[Opening Supplied information section]
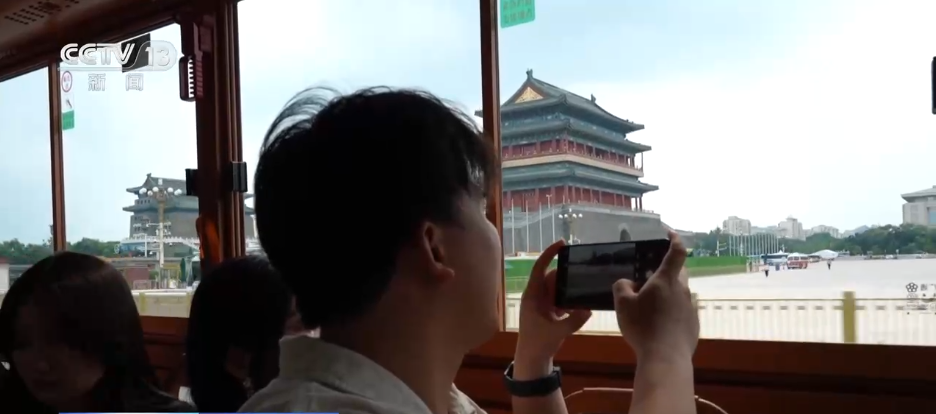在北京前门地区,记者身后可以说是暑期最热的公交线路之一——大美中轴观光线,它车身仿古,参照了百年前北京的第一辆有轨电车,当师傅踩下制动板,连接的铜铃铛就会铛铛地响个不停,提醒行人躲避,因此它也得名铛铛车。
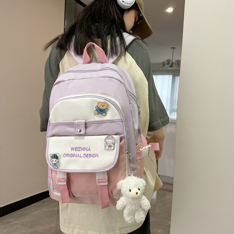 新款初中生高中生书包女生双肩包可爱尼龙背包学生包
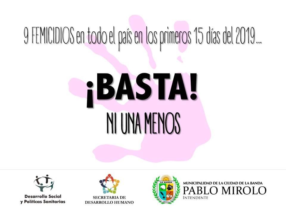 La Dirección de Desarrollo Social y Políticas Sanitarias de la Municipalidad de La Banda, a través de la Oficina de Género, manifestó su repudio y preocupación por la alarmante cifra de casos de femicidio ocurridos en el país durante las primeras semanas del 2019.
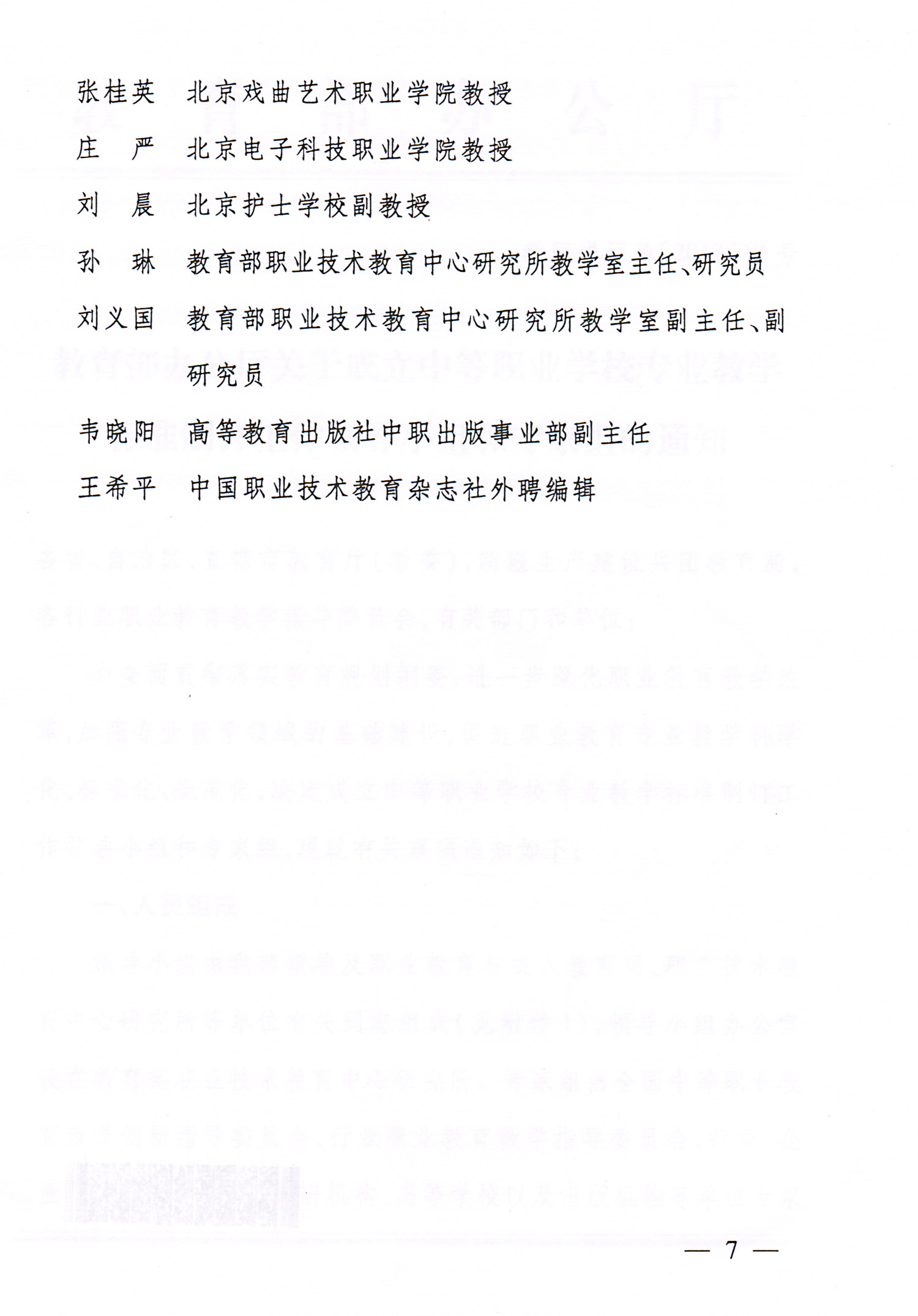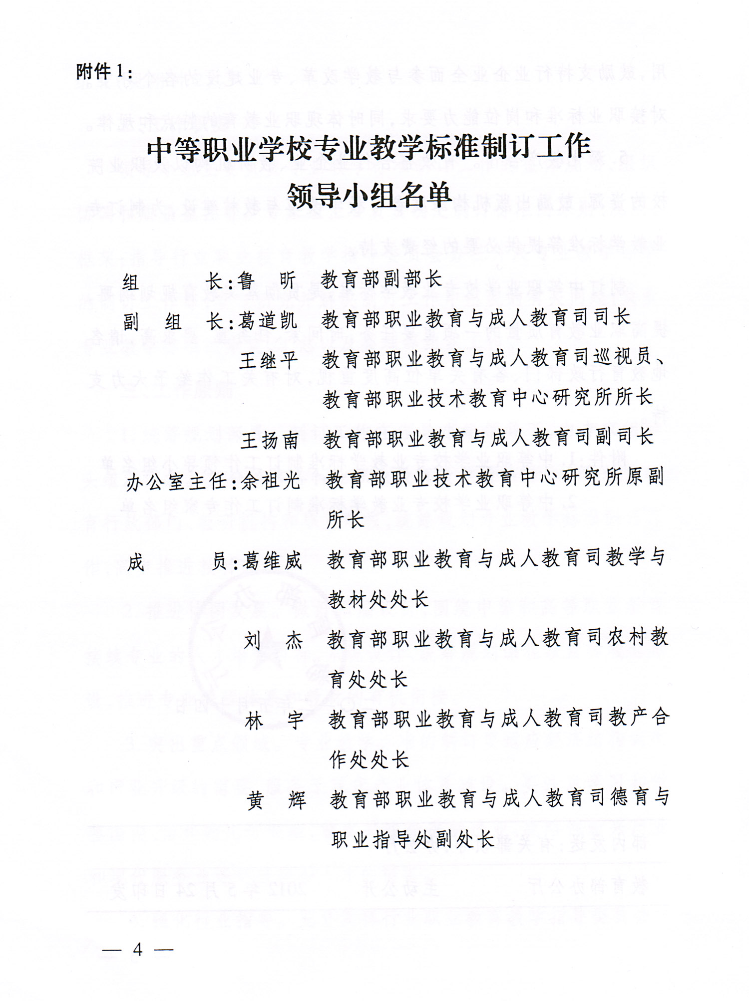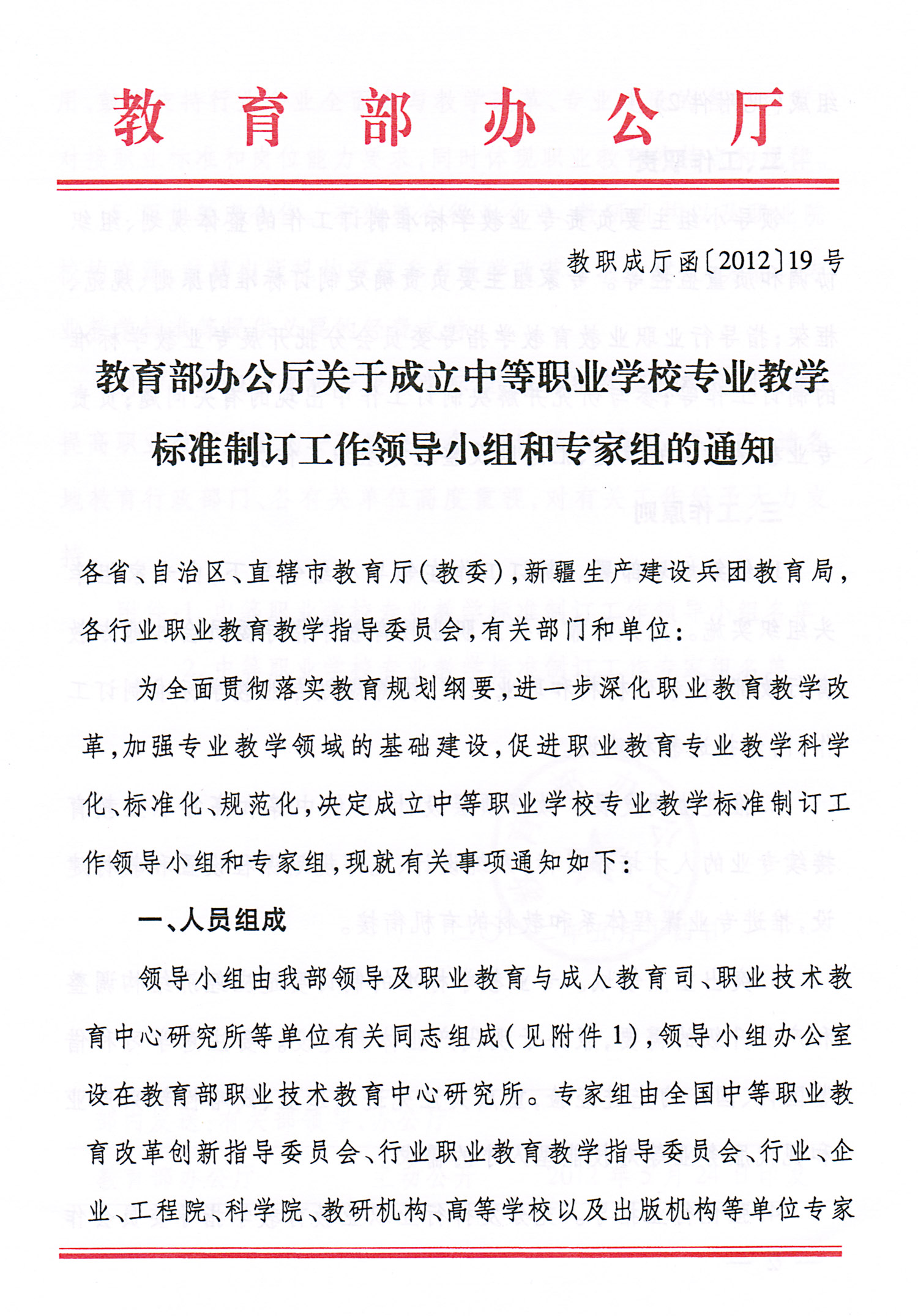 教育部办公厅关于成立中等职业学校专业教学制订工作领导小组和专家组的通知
[Closing Supplied information section]
# Exercise instructions:
Without including any picture, reproduce the material above word for word.

# Worked solution:
在北京前门地区,记者身后可以说是暑期最热的公交线路之一——大美中轴观光线,它车身仿古,参照了百年前北京的第一辆有轨电车,当师傅踩下制动板,连接的铜铃铛就会铛铛地响个不停,提醒行人躲避,因此它也得名铛铛车。
 新款初中生高中生书包女生双肩包可爱尼龙背包学生包
 La Dirección de Desarrollo Social y Políticas Sanitarias de la Municipalidad de La Banda, a través de la Oficina de Género, manifestó su repudio y preocupación por la alarmante cifra de casos de femicidio ocurridos en el país durante las primeras semanas del 2019.
 教育部办公厅关于成立中等职业学校专业教学制订工作领导小组和专家组的通知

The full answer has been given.